Excerpts from a dataset
===============
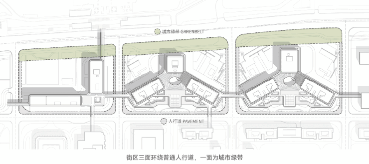 基于竞赛方案“城市聚场”提出的便捷可达、尺度宜人、业态多元、场所开放的理想原型,“异构街坊”方案深化依然是从城市、街区、空间三个尺度关系着手,从布局调整到尺度协调,从空间策略到复合体验,从完全开放到多层级开放,最大限度融入环境并激发新活力。
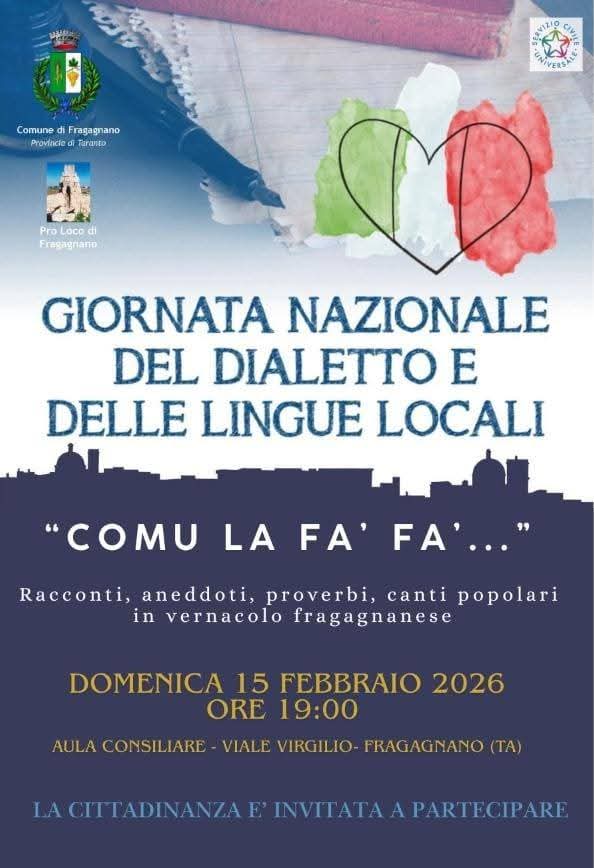 Domenica 15 febbraio, alle ore 19, presso l’aula consiliare del Comune di Fragagnano (adiacente alla caserma), la Pro Loco, con il patrocinio del Comune di Fragagnano, organizza una serata speciale interamente dedicata al dialetto fragagnanese dal titolo “Comu la fa’ fa’…”.
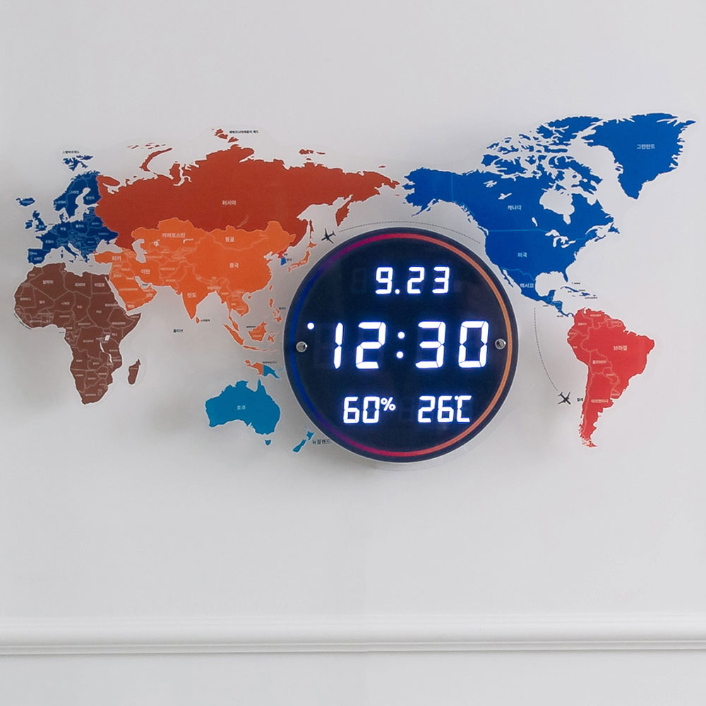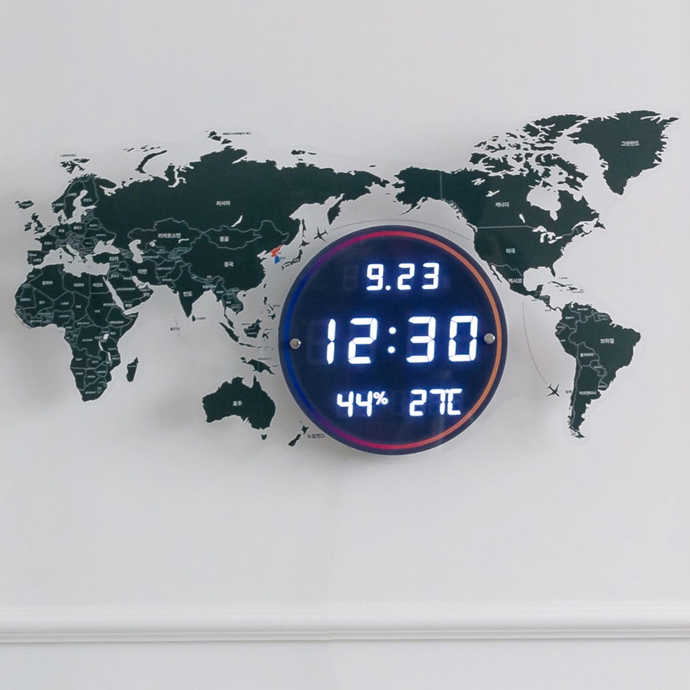 플라이토 세계지도 인테리어 LED 벽시계 70cm
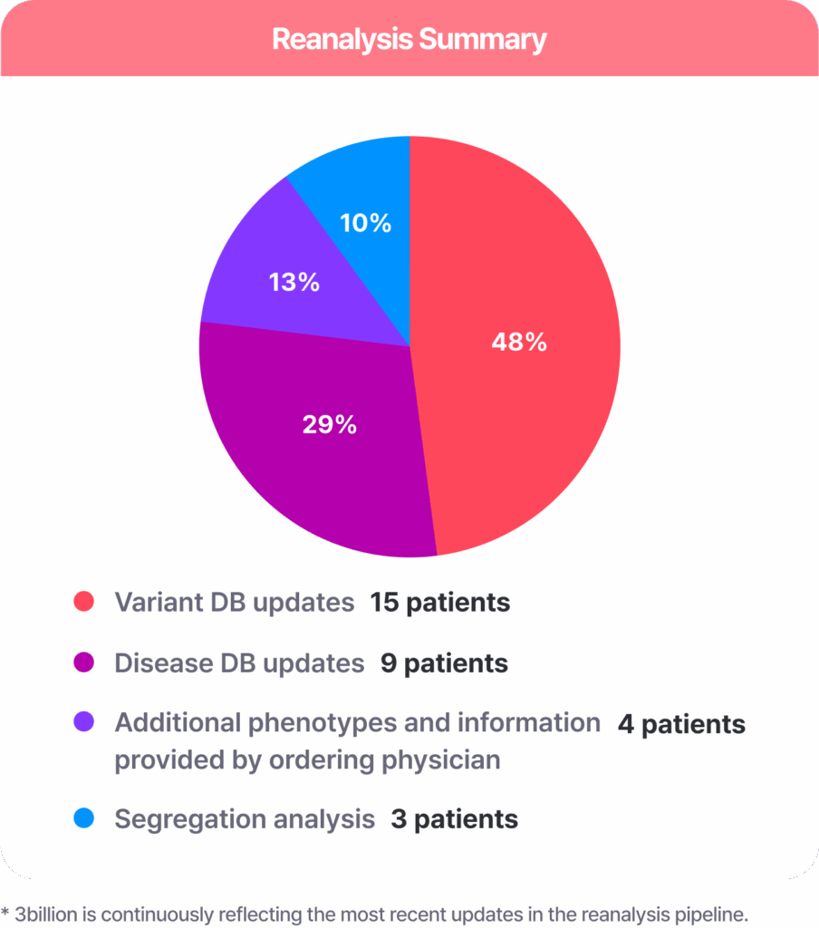 3billion’s reanalysis system integrates updated variant and disease databases, along with internal interpretation models.
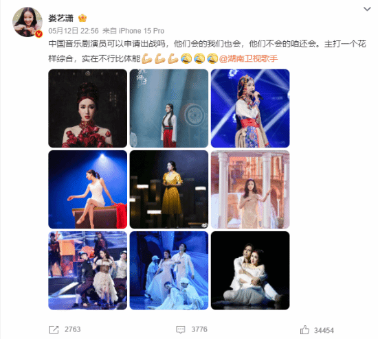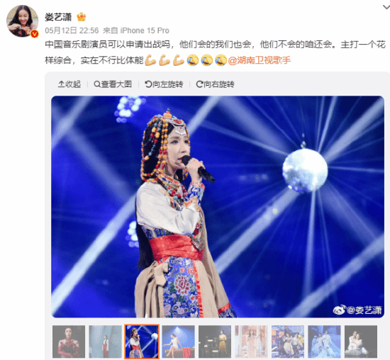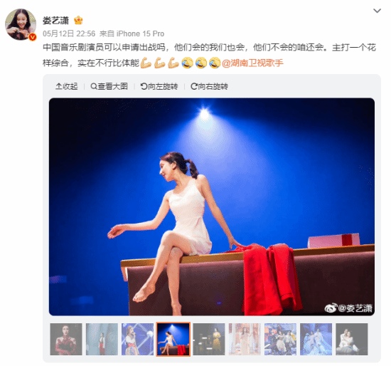 今日,话题“娄艺潇自荐歌手”登顶微博热搜,其在微博表示:中国音乐剧演员可以申请出战吗,他们会的我们也会,他们不会的咱还会。主打一个花样综合,实在不行比体能。
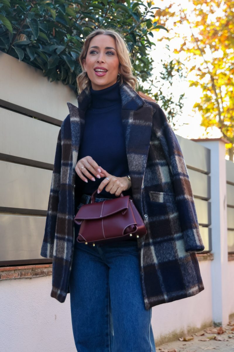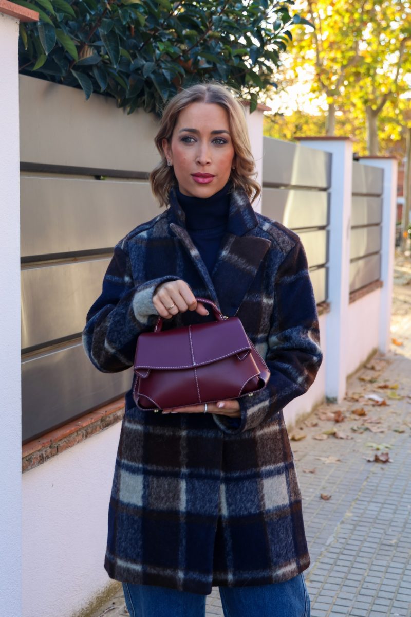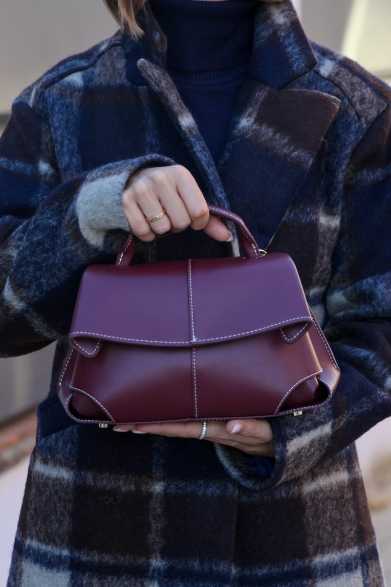 Bolso mini en piel burdeos, estructurado y con diseño geométrico que aporta un toque sofisticado a cualquier look. Compacto, elegante y muy combinable, es el accesorio ideal para elevar tus outfits de otoño e invierno.
===============
WHAT IS NEEDED:
When restating the records word for word, omit any picture they contain.

EXERCISE ANSWER:
 基于竞赛方案“城市聚场”提出的便捷可达、尺度宜人、业态多元、场所开放的理想原型,“异构街坊”方案深化依然是从城市、街区、空间三个尺度关系着手,从布局调整到尺度协调,从空间策略到复合体验,从完全开放到多层级开放,最大限度融入环境并激发新活力。
 Domenica 15 febbraio, alle ore 19, presso l’aula consiliare del Comune di Fragagnano (adiacente alla caserma), la Pro Loco, con il patrocinio del Comune di Fragagnano, organizza una serata speciale interamente dedicata al dialetto fragagnanese dal titolo “Comu la fa’ fa’…”.
 플라이토 세계지도 인테리어 LED 벽시계 70cm
 3billion’s reanalysis system integrates updated variant and disease databases, along with internal interpretation models.
 今日,话题“娄艺潇自荐歌手”登顶微博热搜,其在微博表示:中国音乐剧演员可以申请出战吗,他们会的我们也会,他们不会的咱还会。主打一个花样综合,实在不行比体能。
 Bolso mini en piel burdeos, estructurado y con diseño geométrico que aporta un toque sofisticado a cualquier look. Compacto, elegante y muy combinable, es el accesorio ideal para elevar tus outfits de otoño e invierno.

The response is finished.